### Goal of the exercise
Please set down only the lines below starting with the line with "Bomb Aimer - Sgt" and going on through the line with "PDL1 aAPC Raji 作為", verbatim and without pictures.

### Data shown

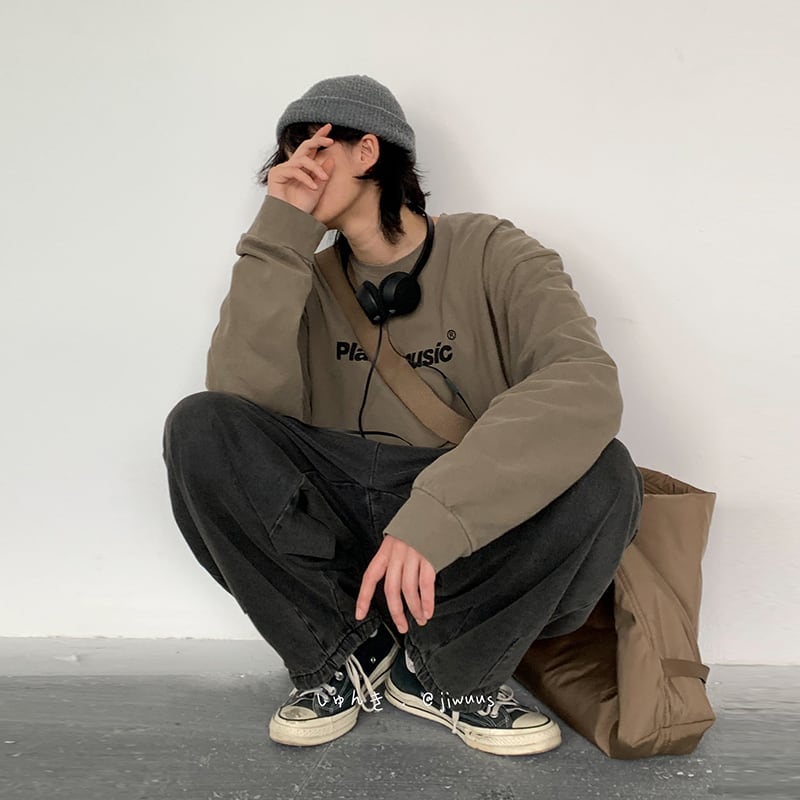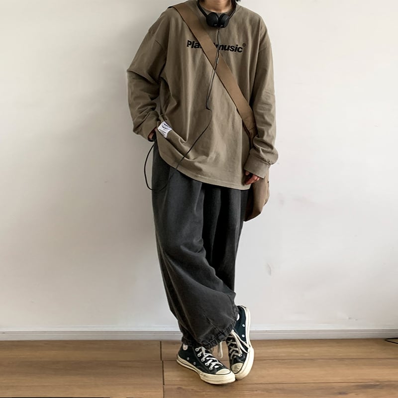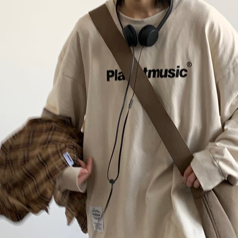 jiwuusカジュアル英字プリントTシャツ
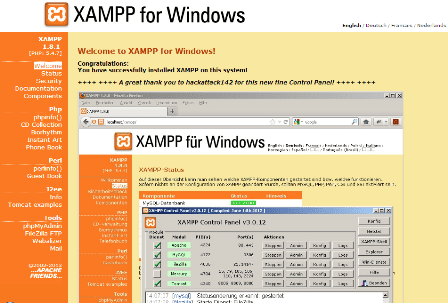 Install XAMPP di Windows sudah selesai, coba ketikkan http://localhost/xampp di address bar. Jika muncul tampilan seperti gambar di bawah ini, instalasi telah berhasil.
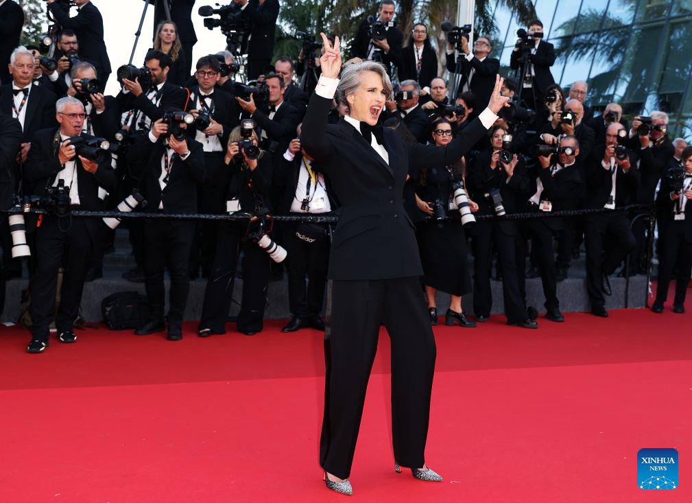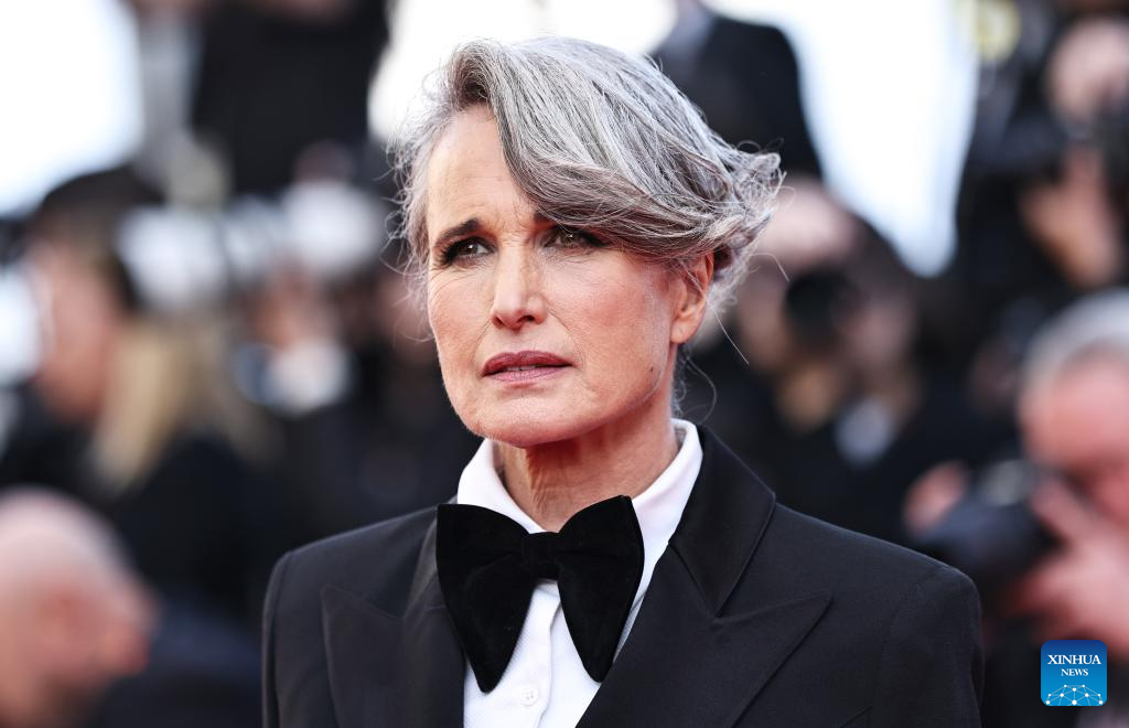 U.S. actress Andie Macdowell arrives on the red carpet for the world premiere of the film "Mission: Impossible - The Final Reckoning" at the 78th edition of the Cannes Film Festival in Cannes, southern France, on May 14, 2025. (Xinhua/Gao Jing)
==
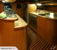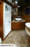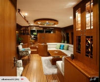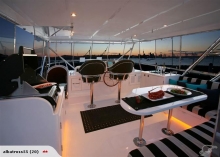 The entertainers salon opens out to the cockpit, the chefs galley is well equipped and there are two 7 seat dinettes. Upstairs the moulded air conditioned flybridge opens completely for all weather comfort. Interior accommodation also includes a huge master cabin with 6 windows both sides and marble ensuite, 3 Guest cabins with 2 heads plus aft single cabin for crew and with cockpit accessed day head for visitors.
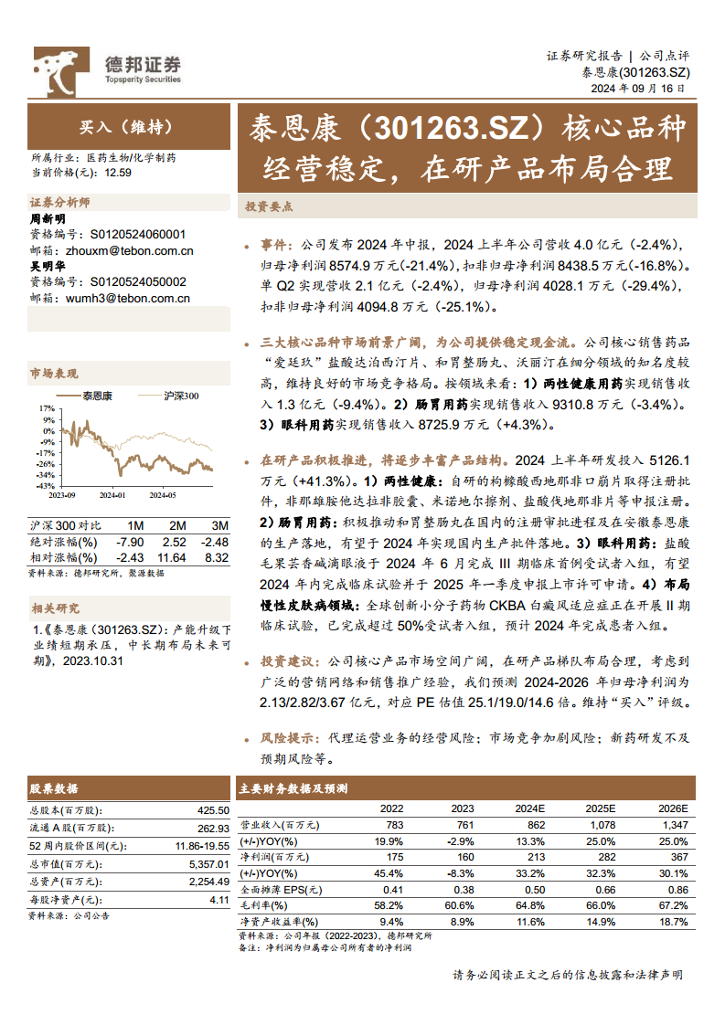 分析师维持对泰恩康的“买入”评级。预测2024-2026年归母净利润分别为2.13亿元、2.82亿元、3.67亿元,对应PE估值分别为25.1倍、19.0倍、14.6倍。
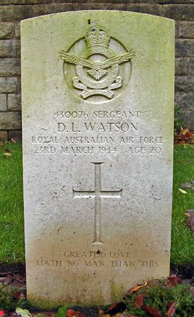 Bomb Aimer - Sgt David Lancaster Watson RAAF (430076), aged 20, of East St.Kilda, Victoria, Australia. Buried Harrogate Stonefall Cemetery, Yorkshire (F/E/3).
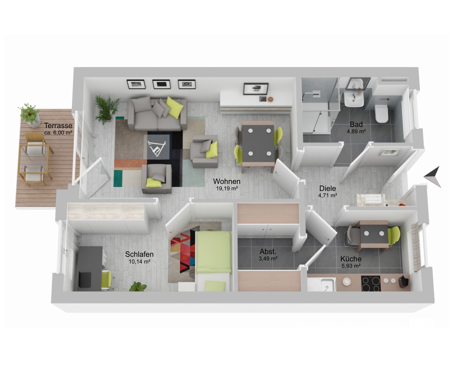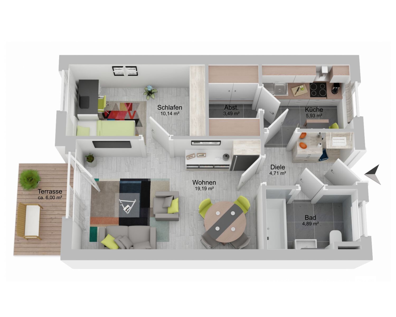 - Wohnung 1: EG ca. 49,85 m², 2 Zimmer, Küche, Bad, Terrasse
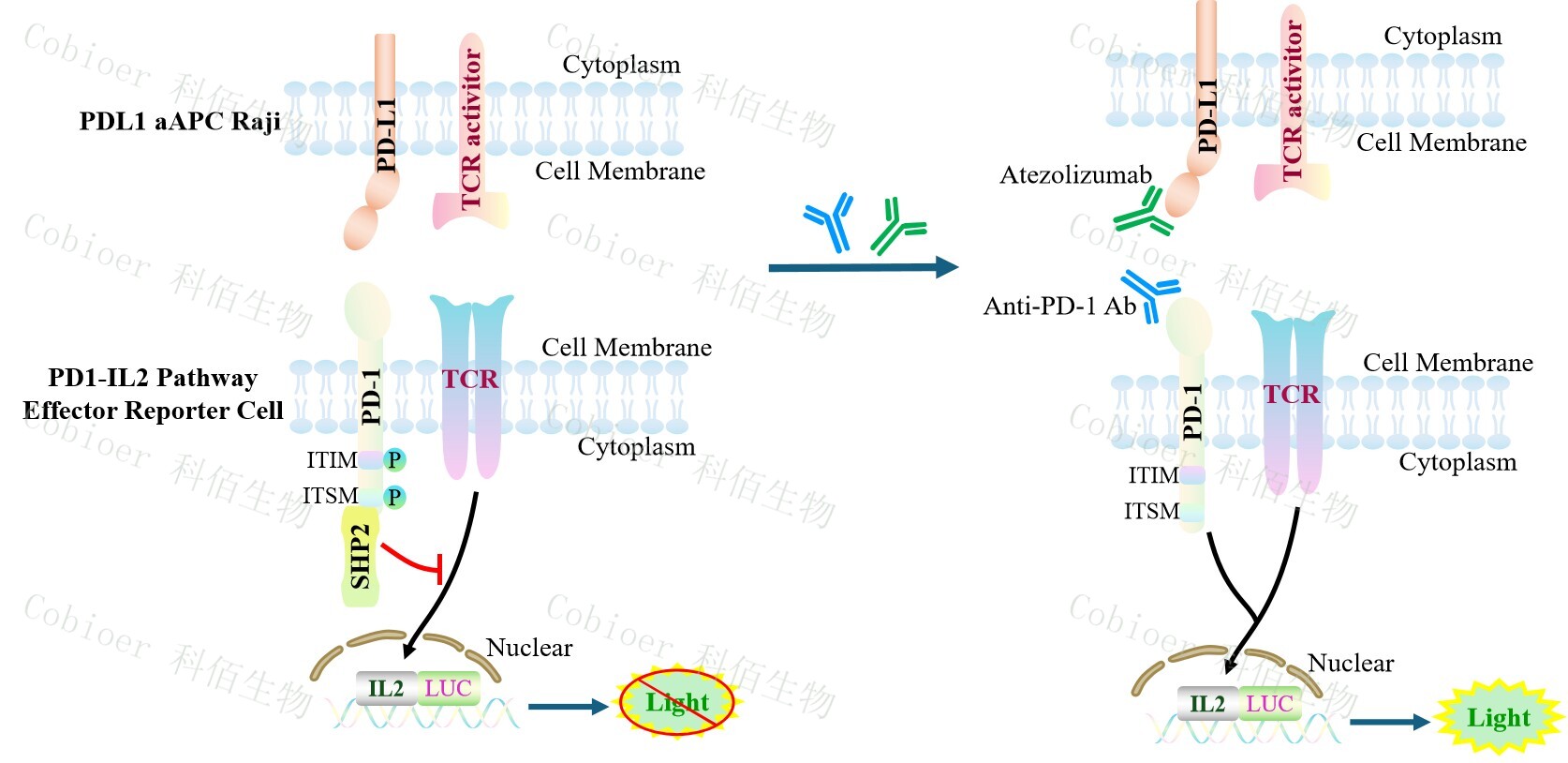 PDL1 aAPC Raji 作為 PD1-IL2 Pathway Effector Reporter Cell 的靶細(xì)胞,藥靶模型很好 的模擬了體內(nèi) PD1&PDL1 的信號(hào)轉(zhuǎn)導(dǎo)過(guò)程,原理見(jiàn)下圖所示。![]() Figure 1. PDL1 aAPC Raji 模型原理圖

### Exercise solution
 Bomb Aimer - Sgt David Lancaster Watson RAAF (430076), aged 20, of East St.Kilda, Victoria, Australia. Buried Harrogate Stonefall Cemetery, Yorkshire (F/E/3).
 - Wohnung 1: EG ca. 49,85 m², 2 Zimmer, Küche, Bad, Terrasse
 PDL1 aAPC Raji 作為 PD1-IL2 Pathway Effector Reporter Cell 的靶細(xì)胞,藥靶模型很好 的模擬了體內(nèi) PD1&PDL1 的信號(hào)轉(zhuǎn)導(dǎo)過(guò)程,原理見(jiàn)下圖所示。![]() Figure 1. PDL1 aAPC Raji 模型原理圖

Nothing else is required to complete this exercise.